** WHAT IS EXPECTED **
Pictures do not belong in the copy. Output exactly the lines from the one containing "Melissa Doug Shape" to the end of the listing below.

** RECORDED INFORMATION **
═══

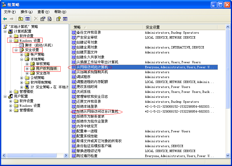2.打開 組策略-計算機(jī)配置-windows設(shè)置-安全設(shè)置-本地策略-用戶權(quán)利指派中,將Guest賬戶添加到從網(wǎng)絡(luò)訪問計算機(jī),拒絕從網(wǎng)絡(luò)訪問這臺計算機(jī)中將Guest賬戶刪除
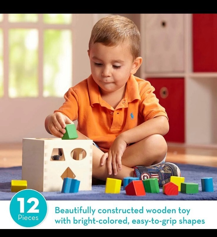 Melissa Doug Shape Sorting Cube - Wooden Toy with 12 Shapes , 4 Colors NEW
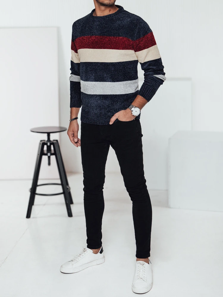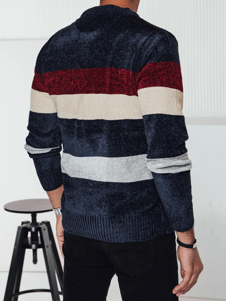 Pánský pruhovaný tmavě modrý svetr FashionStreet WX2240
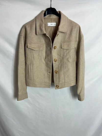 MANGO. Chaqueta beige jaspeada lana. T XXS (S)

═══

** TASK ANSWER **
 Melissa Doug Shape Sorting Cube - Wooden Toy with 12 Shapes , 4 Colors NEW
 Pánský pruhovaný tmavě modrý svetr FashionStreet WX2240
 MANGO. Chaqueta beige jaspeada lana. T XXS (S)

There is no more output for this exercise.